▸ Exercise requirements:
Once you reach the line that holds "首先,将一球焦糖口味冰淇淋放入View Lungo咖啡杯中。" in the listing below, output it and every line after it through the line that holds "Goldlion 2026 Spring", word for word.

─── The data

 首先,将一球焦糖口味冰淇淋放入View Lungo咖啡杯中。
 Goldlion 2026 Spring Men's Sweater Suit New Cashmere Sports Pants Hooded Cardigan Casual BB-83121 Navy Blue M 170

──────
─── The data

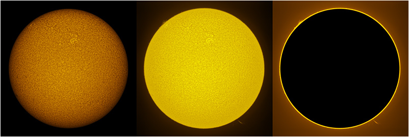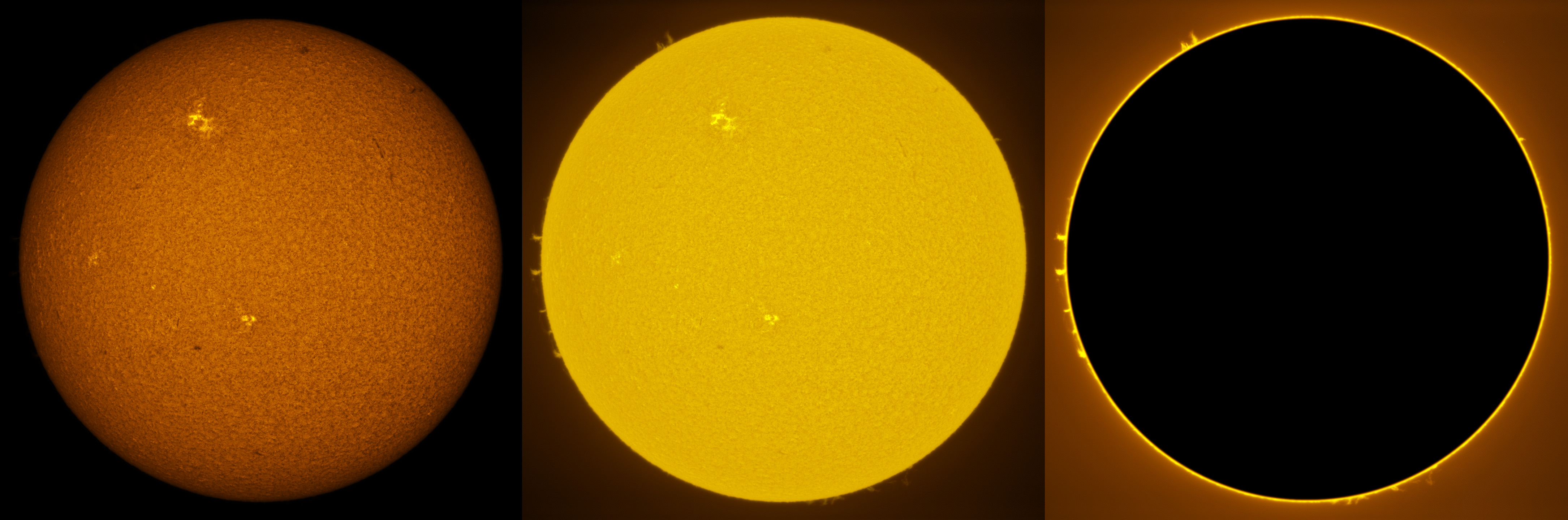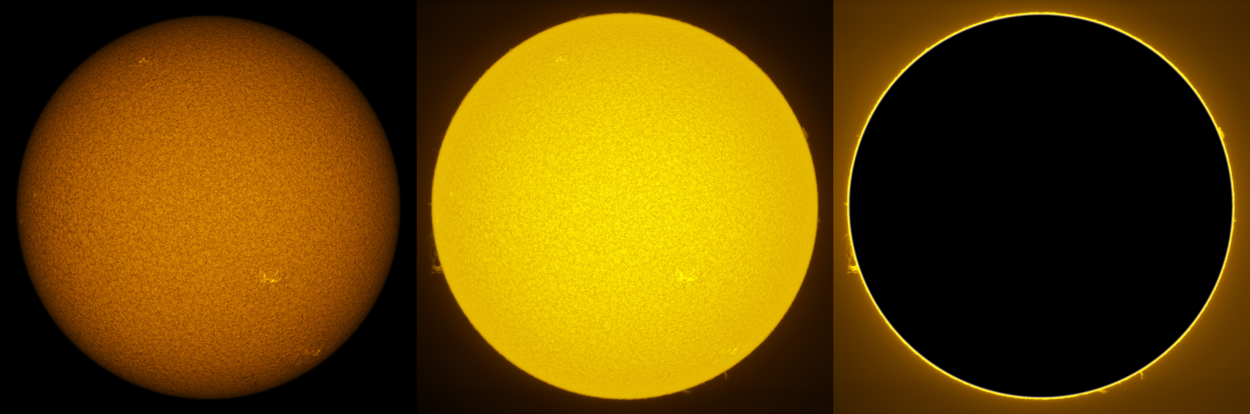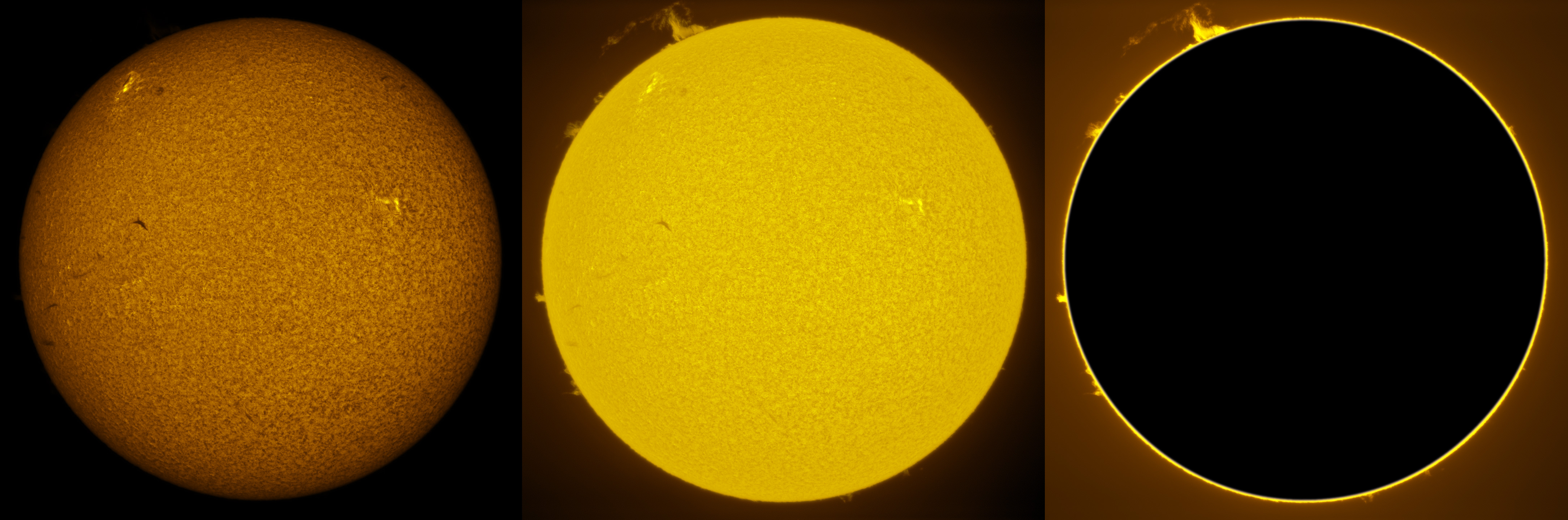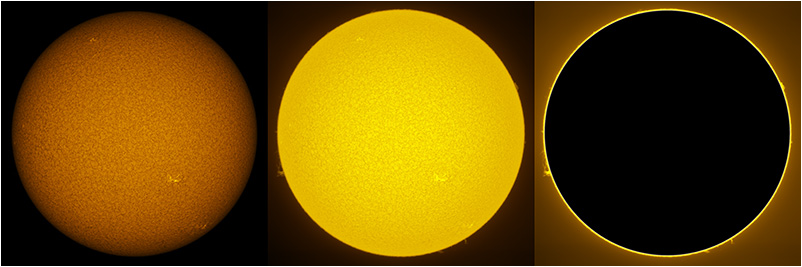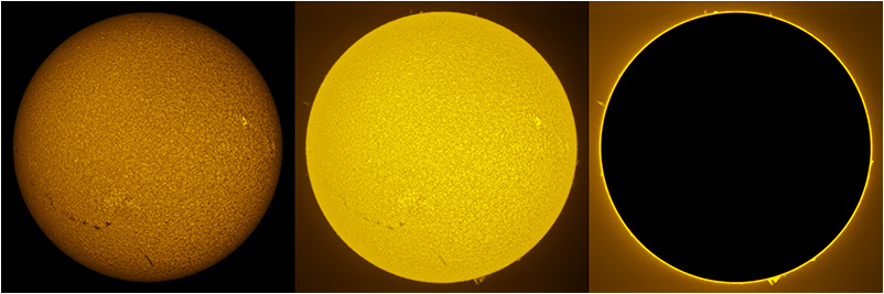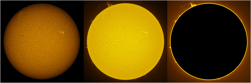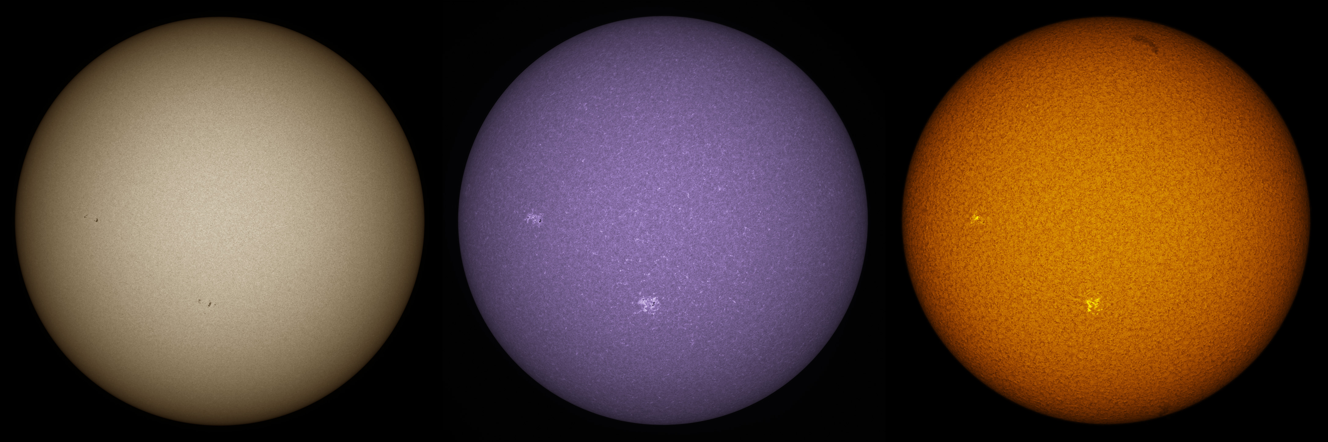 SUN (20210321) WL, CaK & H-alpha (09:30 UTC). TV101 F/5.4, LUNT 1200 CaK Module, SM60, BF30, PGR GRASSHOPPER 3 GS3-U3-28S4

──────

▸ Solution for this task:
 首先,将一球焦糖口味冰淇淋放入View Lungo咖啡杯中。
 Goldlion 2026 Spring Men's Sweater Suit New Cashmere Sports Pants Hooded Cardigan Casual BB-83121 Navy Blue M 170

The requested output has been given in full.